Direct Detection of Glycated Human Serum Albumin and Hyperglycosylated IgG3 in Serum, by MALDI-ToF Mass Spectrometry, as a Predictor of COVID-19 Severity

Abstract

The prefusion spike protein of SARS-CoV-2 binds advanced glycation end product (AGE)-glycated human serum albumin (HSA) and a higher mass (hyperglycosylated/glycated) immunoglobulin (Ig) G3, as determined by matrix assisted laser desorption mass spectrometry (MALDI-ToF). We set out to investigate if the total blood plasma of patients who had recovered from acute respiratory distress syndrome (ARDS) as a result of COVID-19, contained more glycated HSA and higher mass (glycosylated/glycated) IgG3 than those with only clinically mild or asymptomatic infections. A direct serum dilution, and disulphide bond reduction, method was developed and applied to plasma samples from SARS-CoV-2 seronegative (n = 30) and seropositive (n = 31) healthcare workers (HCWs) and 38 convalescent plasma samples from patients who had been admitted with acute respiratory distress (ARDS) associated with COVID-19. Patients recovering from COVID-19 ARDS had significantly higher mass AGE-glycated HSA and higher mass IgG3 levels. This would indicate that increased levels and/or ratios of hyper-glycosylation (probably terminal sialic acid) IgG3 and AGE glycated HSA may be predisposition markers for the development of COVID-19 ARDS as a result of SARS-CoV2 infection.
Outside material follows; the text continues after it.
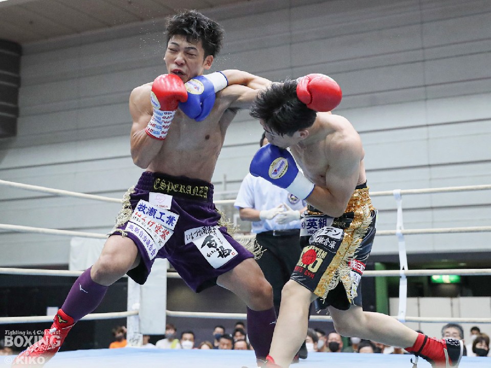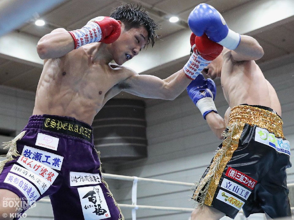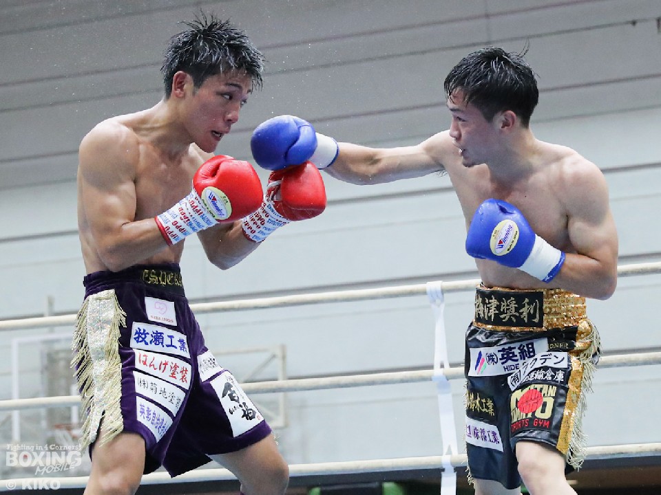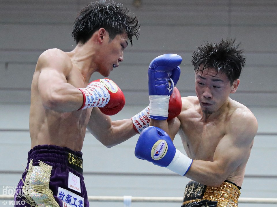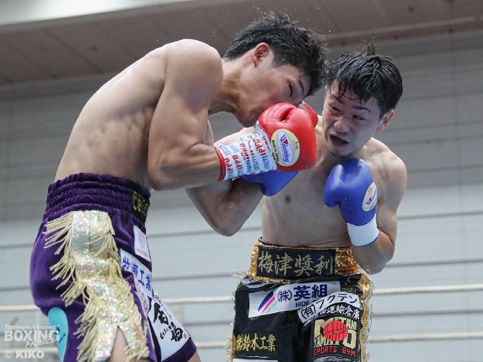 試合:梅津がプレスをかけて、ワンツー左ボディをヒット。対する小林はジャブから左ボディを返す。初回は梅津の力強いパンチが光った。2回、小林はジャブから組み立てると左ボディを好打。梅津もコツコツとボディにパンチを集めて譲らず。3回、梅津はコンパクトなコンビネーションで攻め立てるが、小林も右カウンターから左右をまとめて対抗。消耗戦が続いた。4回、梅津は上手くポジションを入れ替えながら上下に打ち分け見栄えの良さをアピール。5回、小林は左ショートアッパーから左ボディを痛打。豊富な手数を繰り出す梅津に対し、メリハリのある攻撃を見せた。梅津は偶然のバッティングで左目尻をカットした。最終6回、ボディへの細かいパンチを集めたのは梅津。小林も懸命にパンチを返した。ジャッジ2者の支持を得た梅津が敵地で価値のある勝利を挙げた。

Furthermore, rapid direct analysis of serum/plasma samples by MALDI-ToF for such humoral immune correlates of COVID-19 presents a feasible screening technology for the most at risk; regardless of age or known health conditions.
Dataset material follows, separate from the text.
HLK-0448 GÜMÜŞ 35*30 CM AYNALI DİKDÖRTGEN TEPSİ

Keywords: COVID-19; MALDI-ToF MS; glycated albumin; glycovariant/glycated IgG3; plasma.

Figure 1

Mass spectra profile, 40,000 m/z to 85,000 m/z, of human reduced plasma samples (treated with Tris(2-carboxyethyl)phosphine (TCEP)) in order to reveal immunoglobulin heavy chains (IgM Hc ‘75,000 m/z, IgA ~56,000 m/z not found, IgG3 54,000 m/z and unconfirmed IgX, thought to be IgG4 Hc, at 48,000 m/z. HSA resolved at 66,4000+ m/z and transferrin at 79,000 m/z.

Figure 2

Box and whisker plots of relative intensitities and variance in peak apex molecular mass of IgG1 heavy chains (IgG1 Hc), IgG3 heavy chains (IgG3 Hc) and human serum albumin (HSA) for the different sample groups: Blue represents data from SARS-CoV-2 seronegative HCWs, Orange from SARS-CoV-2 seropositive HCWs having recovered from COVID-19 with mild symptoms and Red sample data from convalescent patients recovering from COVID-19 ARDS. The table to the right is numeric data from the plots detailing the mean and median values of peak intensity (arbitrary units (AU)) and molecular mass (m/z) of IgG1 Hc, IgG3 Hc and HSA for the respective groups.

Figure 3

Diagrammatic representation of IgG1 (left) and IgG3 (right) illustrating the differences in heavy chain structure with special reference to the larger neck domain and the O-linked glycosylation sites found there. Affinity binding: –, none; +,weak; ++, strong; and +++, very strong.

Figure 4

Spike protein sialic acid glycan binding (S1 subunit NTD-domain) role in (A) mucosal epithelial attachment and infection of respiratory cells and (B) potential role in binding IgG3 at the neck region and AGE glycated HSA, during viremia, thereby aiding immune evasion and deposition of reactive complex that may give rise to vascular pathologies.